Hacker News new | ask | show | jobs
by mahaloz 829 days ago
It’s always cool to see different approaches in this area, but I worry its benchmarks are meaningless without a comparison of non-AI based approaches (like IDA Pro). It would be interesting to see how this model holds up on metrics from previous papers in security.
1 comments

Thanks! We're working on Ghidra/IDA pro. The problem we face is the right kind of data to test with and how to evaluate it. It's like there's no "standard" benchmark/metrics that everyone uses for decompilation.
As others have said, the standardization of metrics is still something debated, but at the same time, this space has been explored by various top-tier papers that your paper did not cite. For example, DREAM [1], evaluated using the classic metric of goto-emittence. Rev.ng [2], evaluated using Cyclomatic Complexity and gotos. SAILR [3], evaluated using the previous metrics and a Graph Edit Distance score for the structure of the code.

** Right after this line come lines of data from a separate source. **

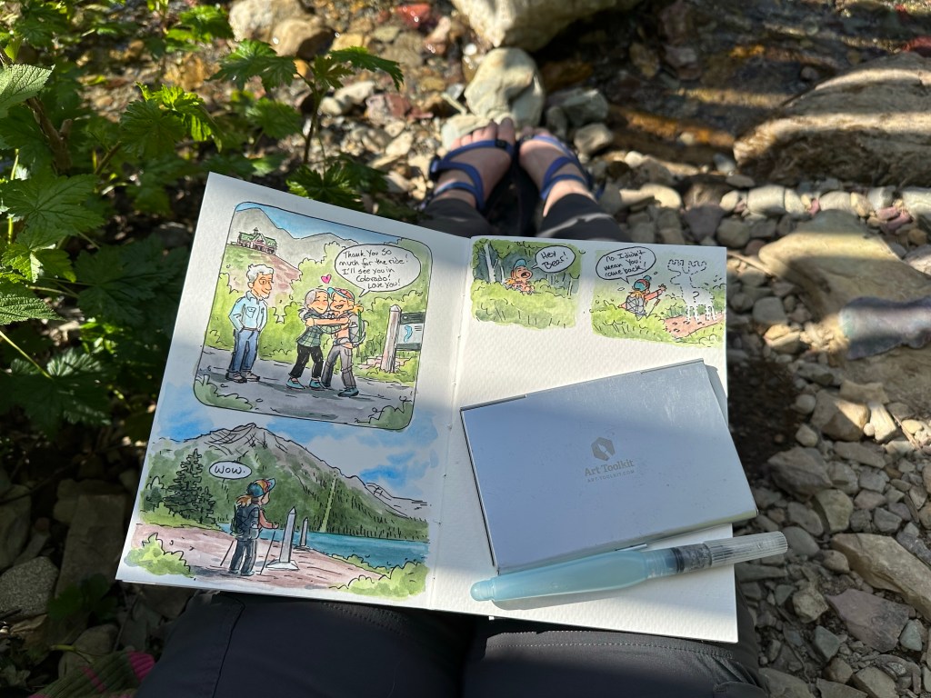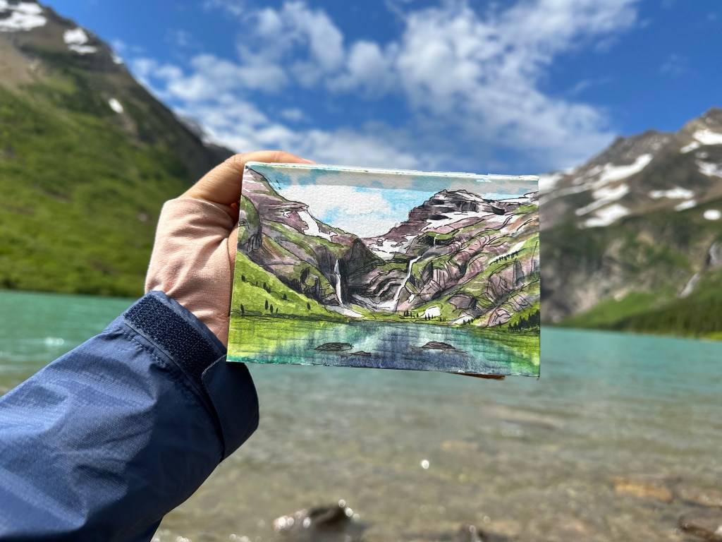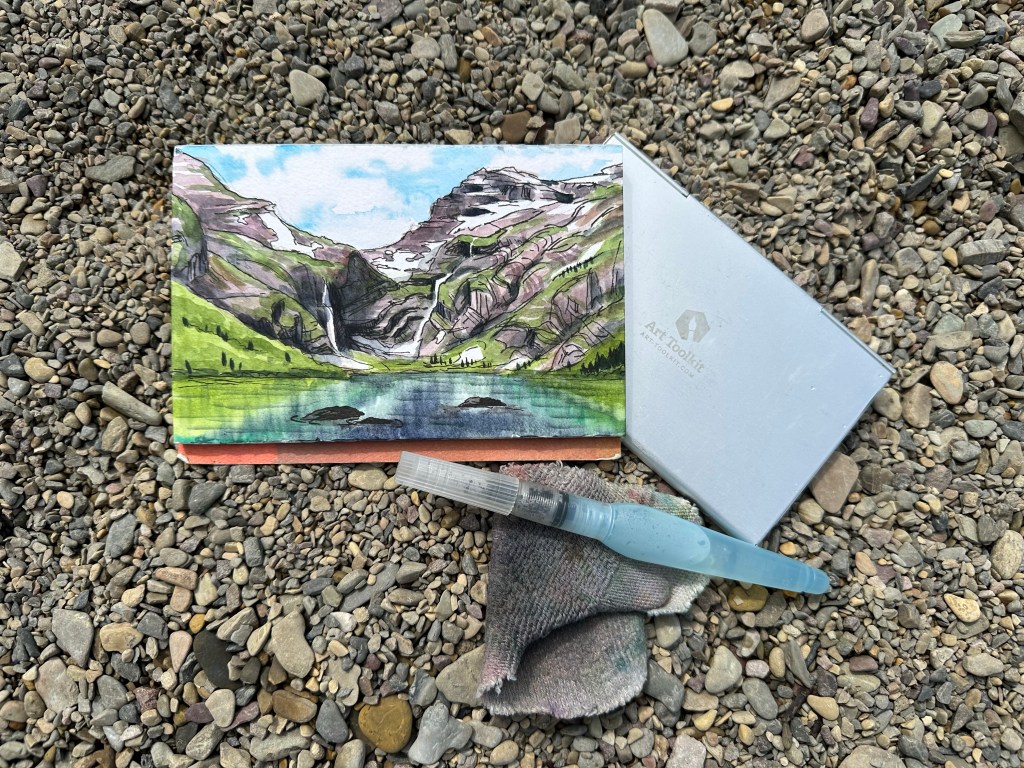They depart and I take some time to paint by the lake. The sun comes out illuminating the waters a magical turquoise blue.
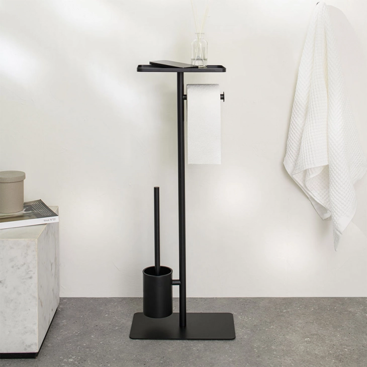 Έξυπνο, κομψό και πάντα σε κοντινή απόσταση! Αυτό το πολυλειτουργικό stand είναι απαραίτητο για το μπάνιο σας. Με θήκη χαρτιού υγείας, ενσωματωμένο πιγκάλ με βούρτσα και ένα εύχρηστο ράφι, θα έχετε τα πάντα κοντά σας. Το καθάρισμα είναι πιο εύκολο από ποτέ. Ο κομψός και προσεγμένος σχεδιασμός δημιουργεί μια κομψή, οργανωμένη εμφάνιση – ακριβώς όπως τη θέλετε!
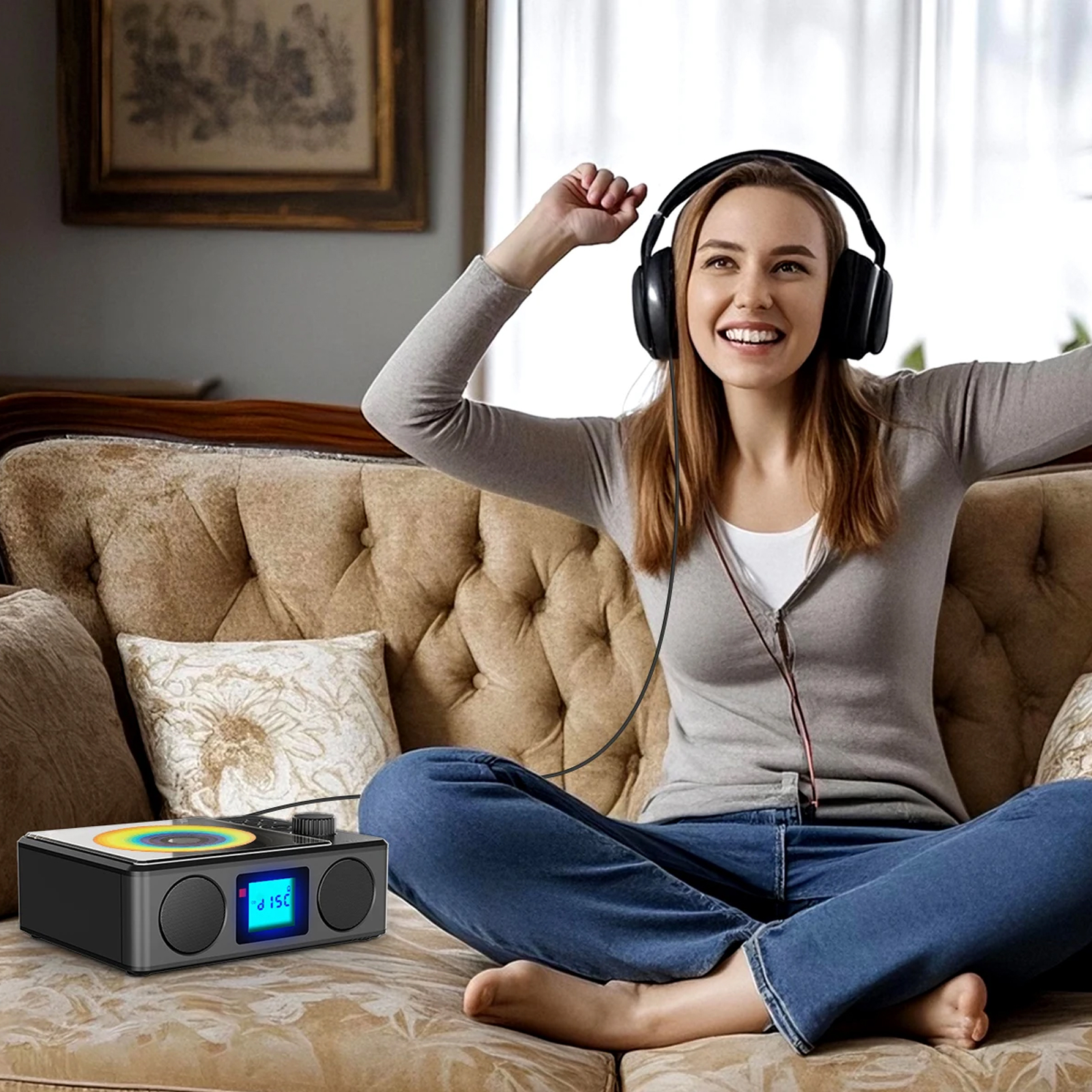 The included remote control operates effectively up to 16 feet away. This allows convenient control from across the room, letting you adjust settings, change tracks, and manage playback from your favorite spot.
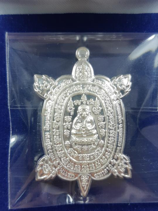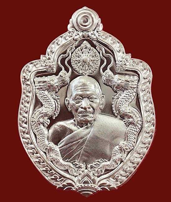 หลวงปู่มหาศิลา อายุวัฒนะมงคล81 มังกรคู่ เนื้อเงินผิวกระจกใสวิ้งๆ จมูก100 เลข106กล่องเดิม คัดสวยๆ |
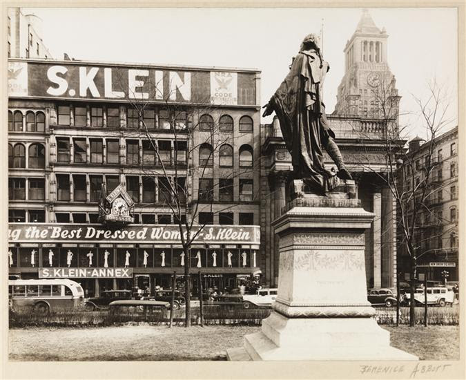 Photographer Berenice Abbott (1898-1991) Creator Berenice Abbott (1898-1991) Accession number 89.2.2.16 Unique identifier MNY201961 Description Fourth Avenue between East 15th and 16th Streets. The Lafayette Statue at Union Square with the discount department store, S. Klein, the Union Square Savings Bank and the tower of the Consolidated Edison Building in the background. Dated March 20, 1936 Object Type photograph Inscription / technical details Federal Art Project stamp and title, location, date and Abbott number inscribed in pencil on mount verso, bottom left. | Federal Art Project sticker adhered to mount verso, bottom right.
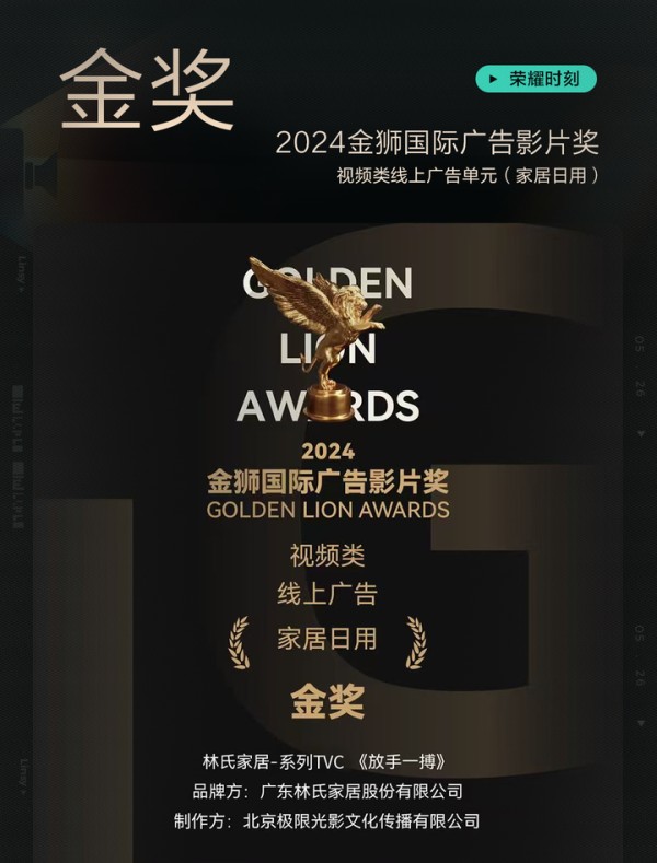 值得一提的是,此前该影片也荣获2024金狮国际广告影片视频类线上广告家居日用类目金奖、以及视频类线上广告营销银奖,进一步印证了林氏家居用创意触达用户的实战能力。
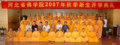 9月4日上午,“河北省佛学院2007年秋季新生开学典礼”在河北省佛学院礼堂隆重举行。典礼由河北省佛学院教务长明影法师主持。到场的领导和嘉宾分别是:河北省民族宗教事务厅张兴堂副厅长,河北省佛教协会高士涛副会长,河北省佛学院史幼鹏副院长,河北省民族宗教事务厅石彦林处长;河北省佛学院常务副院长、柏林禅寺住持明海法师,河北省佛学院讲师、柏林禅寺监院常照法师,河北省佛学院监学、柏林禅寺知客明清法师,河北省佛学院讲师月悟法师、明怀法师等。
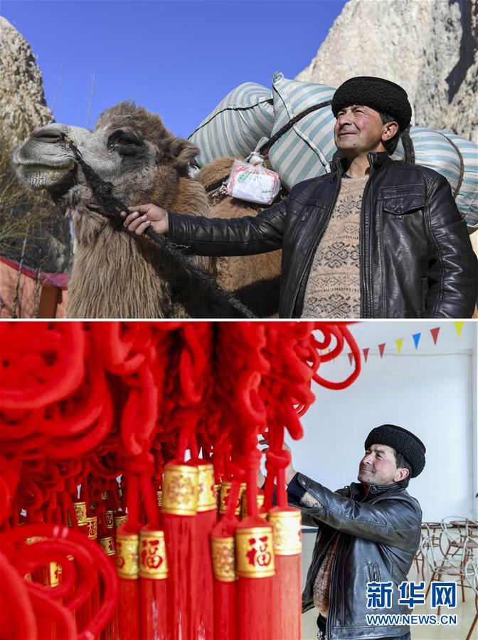 拼版照片上圖:都熱·加爾曼牽著馱有搬遷行李的駱駝走在喀喇昆侖山中(2018年11月17日攝);在塔什庫爾干塔吉克自治縣塔提庫力易地扶貧搬遷安置點的衛(wèi)星工廠,都熱·加爾曼在參觀由村民編制的手工藝品,他計劃讓妻子來這里上班(2018年11月18日攝)。2018年以來,新疆塔什庫爾干塔吉克自治縣對居住在艱苦偏遠山區(qū)、生產生活資料匱乏、難以實現(xiàn)就地脫貧的358戶貧困戶,陸續(xù)實施易地扶貧搬遷,搬遷至距縣城約25公里的塔提庫力易地扶貧搬遷安置點。安置點還開發(fā)了耕地、草場,建有衛(wèi)星工廠,確保像都熱一樣的貧困戶能穩(wěn)步增收脫貧。黨的十八大以來,我們堅持以人民為中心的發(fā)展思想,明確了到2020年我國現(xiàn)行標準下農村貧困人口實現(xiàn)脫貧、貧困縣全部摘帽、解決區(qū)域性整體貧困的目標任務。目前看,脫貧進度符合預期,成就舉世矚目。這些成績的取得,凝聚了全黨全國各族人民智慧和心血,是廣大干部群眾扎扎實實干出來的。脫貧摘帽不是終點,而是新生活、新奮斗的起點。新華社記者胡虎虎攝
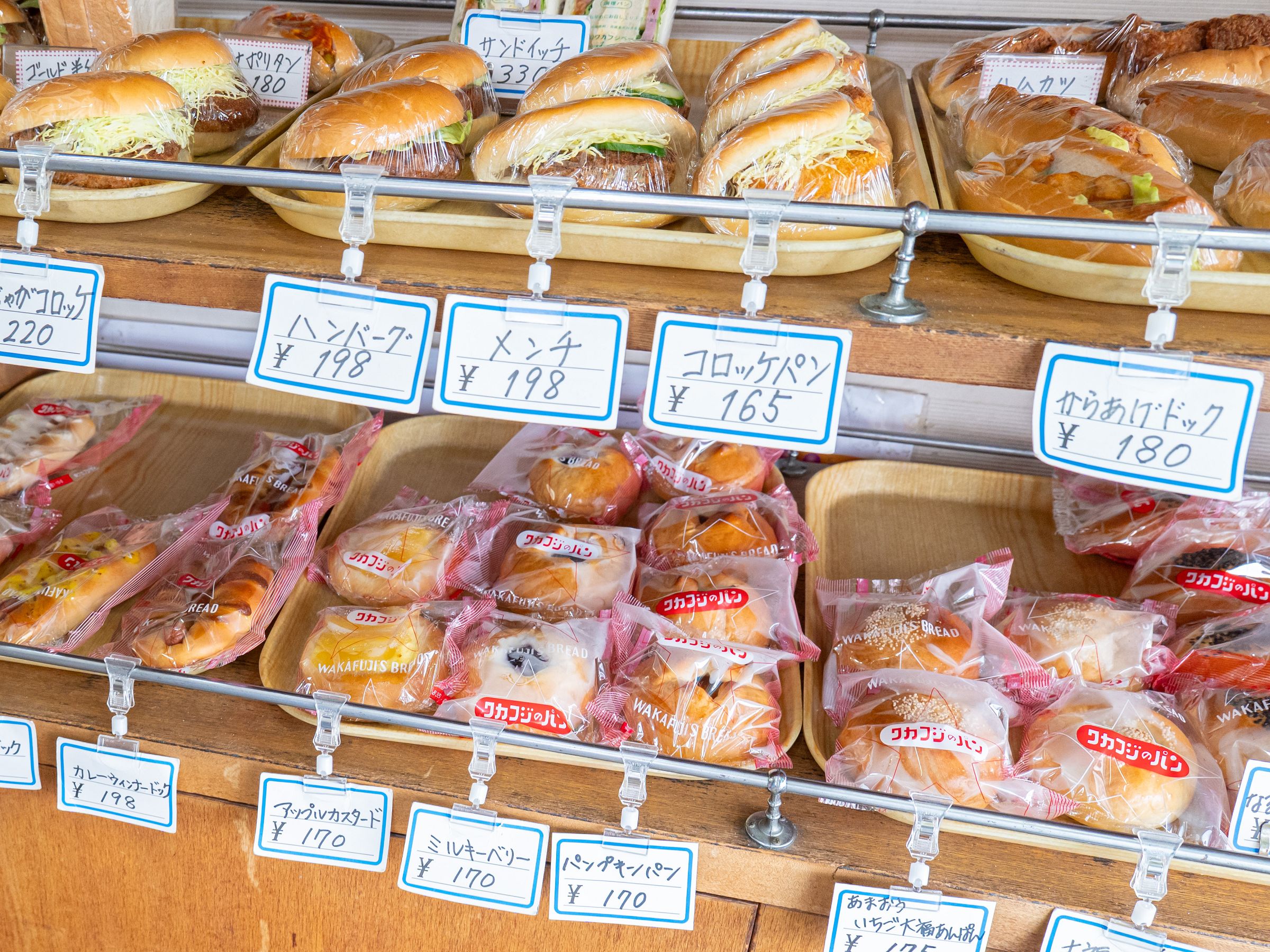 物価高騰の時代ですが、175円(現在199円)のくりはまあんぱんやポテチパンをはじめ、ワカフジベーカリーのパンは100円台の商品がたくさんあります。ジャムパンやメロンパンは130円(2025年4月時点150円)。
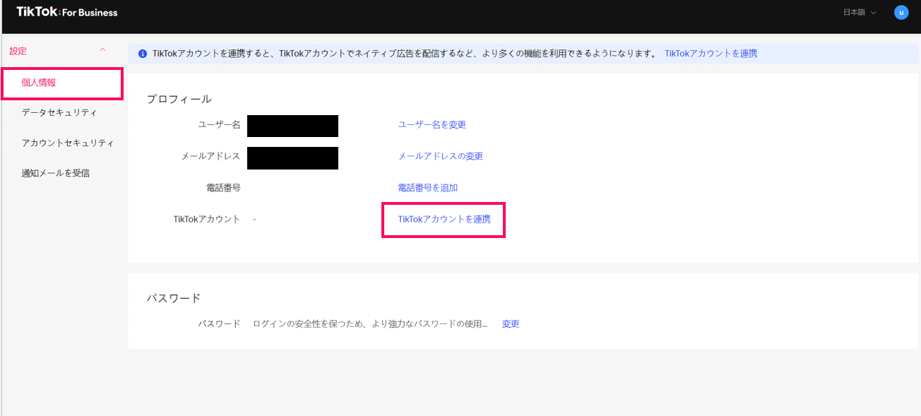 TikTokビジネスセンターを持っておらず、インハウス運用など、TikTokビジネスアカウントと広告アカウントの所有者が同じ場合は、この方法が速くて簡単です。
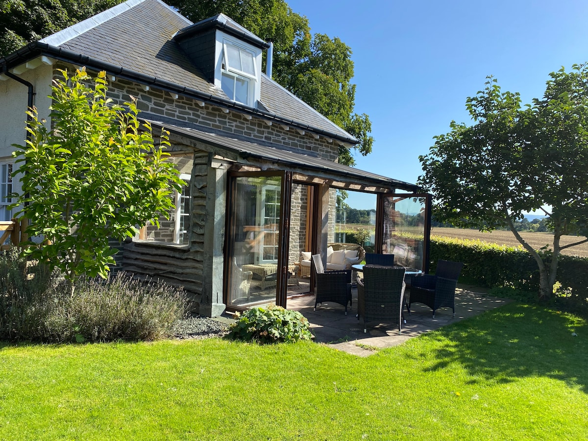 Spacious riverside cottage 2 miles outside Crieff, stunning south facing and decked balcony over the river. Situated within the grounds of Victorian private house. Recently refurbished with spectacular views across fields. Includes 1800cm superking bed, bath and shower. Perfectly situated for exploring and only 10/20 mins from the only two 2* Michelin restaurants in Scotland. We now also have an outside bath house in the garden where you can lie back and enjoy the views beside the river.
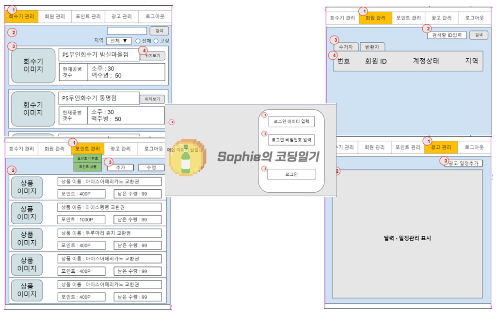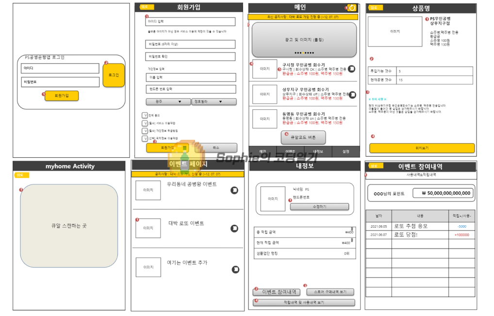 각각의 페이지들은 스토리보드를 통해 각 화면 구성과 기능을 정의하였습니다.
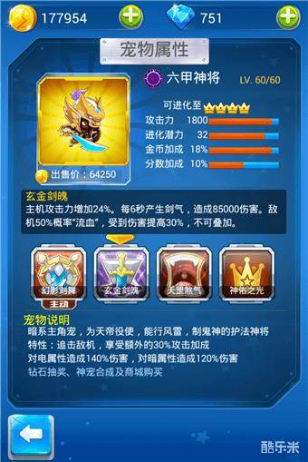 ①六甲神将:拥有技能“玄金剑魄”可使主机攻击力增加24%。每6秒产生剑气,造成85000伤害,敌机有50%概率流血,对流血状态敌人伤害提高30%。这个技能又直接增加了攻击力,又有额外的持续伤害,打BOSS很有优势。
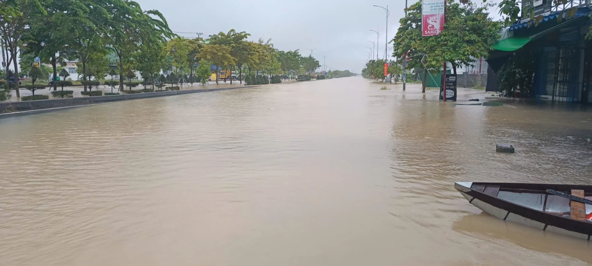 | De Vo Nguyen Giap-straat (dorpsdeel Vo Kien) staat onder water, waardoor het verkeer moeilijk is. |
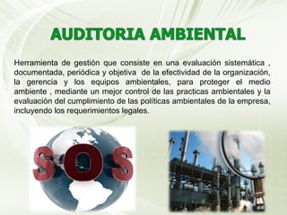 La auditoría ambiental es una herramienta de gestión que evalúa de manera sistemática y periódica la efectividad de las prácticas y políticas ambientales de una organización para proteger el medio ambiente. Existen auditorías ambientales internas y externas. Algunos tipos de auditoría incluyen auditorías preliminares, de cumplimiento legal, de sistemas de gestión ambiental, de riesgos, de residuos, de procesos y energéticas. El proceso de auditoría ambiental consiste en las etapas de pre-auditoría, auditoría
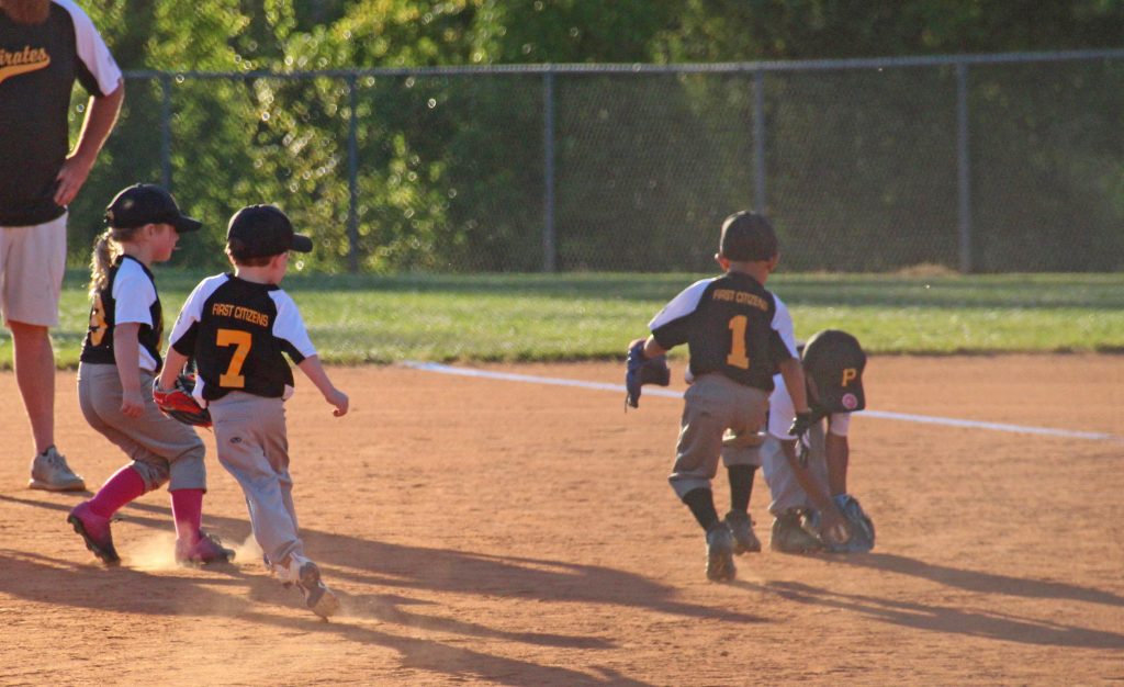 Pictured above, the Angels took on the White Sox in the machine pitch league. Below, t-ball players from the Pirates team go for a ground ball.
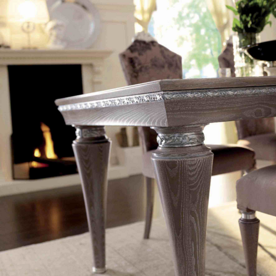 Дамасские ткани покрывают мягкие сиденья стульев, расставленных вокруг центрального прямоугольного стола. Спинки стульев и сужающиеся точеные ножки стола подчеркнуты классическими украшениями из сусального серебра.

I feel that without a justification for dropping previously established metrics by the peer review process, you weaken your new metrics. However, I still think this is an interesting paper. It just could be made more legit by thoroughly reading/citing previous work in the area and building an argument for why you may go against it.

[1]: https://net.cs.uni-bonn.de/fileadmin/ag/martini/Staff/yakdan... [2]: https://rev.ng/downloads/asiaccs-2020-paper.pdf [3]: https://www.usenix.org/system/files/sec23winter-prepub-301-b...

References make a paper stronger!